Могу добавить: время универсалов прошло. Сейчас уже чисто физически невозможно одному человеку преуспеть в разных, тем более отдаленных друг от друга областях; в одной успеть бы. И поэтому — рано или поздно человек должен сделать окончательный выбор. Он должен выбрать себе занятие, профессию на всю жизнь — и в этом его цель.

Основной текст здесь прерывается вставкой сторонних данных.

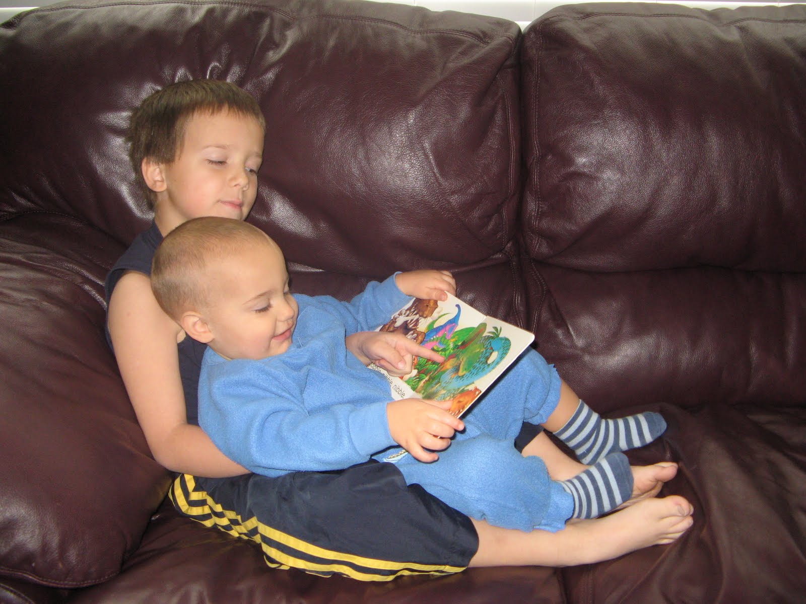 Oliver reading to Henry. Henry loves being read to! Once again, it's nice to have such nice older siblings.
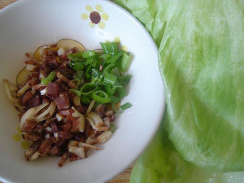 2、切臘肉蔥,還有生菜,一定要保持生菜的完整
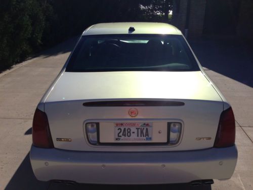 This is a beautiful 2004 Cadillac DTS, fully-loaded, with pearl white paint and all gold cadillac emblems. It has extremely low miles for age at 74,000 miles and has been in excellent care by its only 2 owners. No accidents, no issues ever. Regular oil changes and is garage kept. Has premium 19+ wheels (with gold cadillac emblems in center) all in excellent condition; along with nav, heated steering, heated and cooled front seats, heated back seats, stabillitrak, 6 disc CD changer, sun-roof, parking sensors, and ANY other option available for that year. There is a $2000+ sub and amp system in the trunk that I will throw in for another $750 if interested.
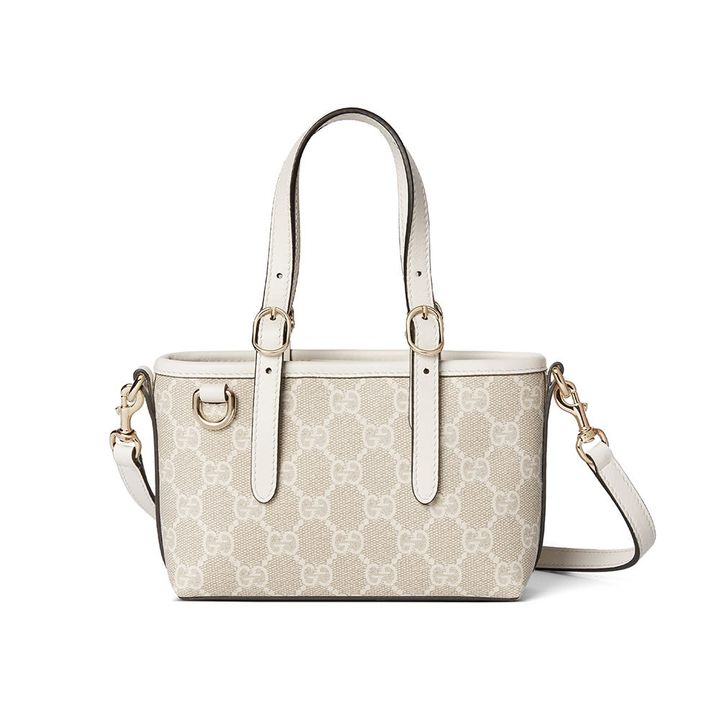 “GGエンブレム”ラインからお目見えしたミニバッグは、日々の相棒にぴったり。表面は軽やかなコーティングキャンバスのGGパターンで、内側には「グッチ」らしい“グリーン・レッド・グリーン”のファブリックを採用。Dリングが付いているので、お気に入りのチャームでアレンジするのもおすすめ。

— О нет, — сказал тут Сычев и покачал головой, — нет. Вы неправы. Профессия — не цель. Человек прежде всего должен быть не певцом, не инженером, не ученым, но человеком. Профессия — не цель, а средство. Счастье — вот цель. Для того чтобы быть счастливым, мы должны быть уверены, что находимся на своем месте. А там само собою получится, что на этом месте мы будем приносить людям самую большую, на какую мы способны, пользу — ибо это будет наше место. Найти такое место — не высшая ли это задача, не прямой ли долг перед собой и другими? Не знаю, что предстоит мне, не знаю. Но знаю одно: сколько бы аспирантур я ни окончил, я останусь тем, кто я есть, — средним инженером. Я не жалуюсь на судьбу. Но я хочу попробовать вырваться за круг очерченных возможностей… Кто знает, может быть, именно сейчас я могу стать чемпионом мира. Может быть, это вообще у меня первый и последний в жизни шанс проверить, способен ли я достичь каких-нибудь высот. А я, не без вашей помощи, этот свой единственный шанс упущу, так и не использовав его. Может быть, именно после него ко мне вернется интерес — изрядно утраченный сейчас, по совести говоря, — интерес к моей инженерной деятельности, и тогда я стану еще и кандидатом, и кем хотите. А может быть, я пойму окончательно, что место инженера занимаю не по праву, и тогда я найду в себе силы начать все с начала и стану учителем истории. А может, этот неиспользованный, единственный в жизни шанс вообще выбьет меня из жизненного седла и я кончу свою жизнь забулдыгой; а может, я пойду в чистильщики обуви. Кто знает? Вы — знаете? Вот у какого перекрестья дорог стоите вы, Лев Григорьевич, со своим красным карандашом. Чтобы с уверенностью говорить: «Надо делать то-то, а не то-то», — надо знать намерения судьбы. Я их не знаю. Но и вы, Лев Григорьевич, вы ведь тоже не можете знать их; я не думаю, что будущее открыло вам свои намерения в отношении меня. Вот почему ваш отказ подписать мое заявление я вынужден рассматривать и расценивать как некорректность не в отношении инженера Сычева, нет, а в отношении намерений судьбы на его, инженера Сычева, счет. А раз так, то я еще раз, но уже в последний, обращаюсь к вам и спрашиваю с простым любопытством: подпишете вы, Лев Григорьевич, эту бумажку, предоставив все остальное времени, или нет?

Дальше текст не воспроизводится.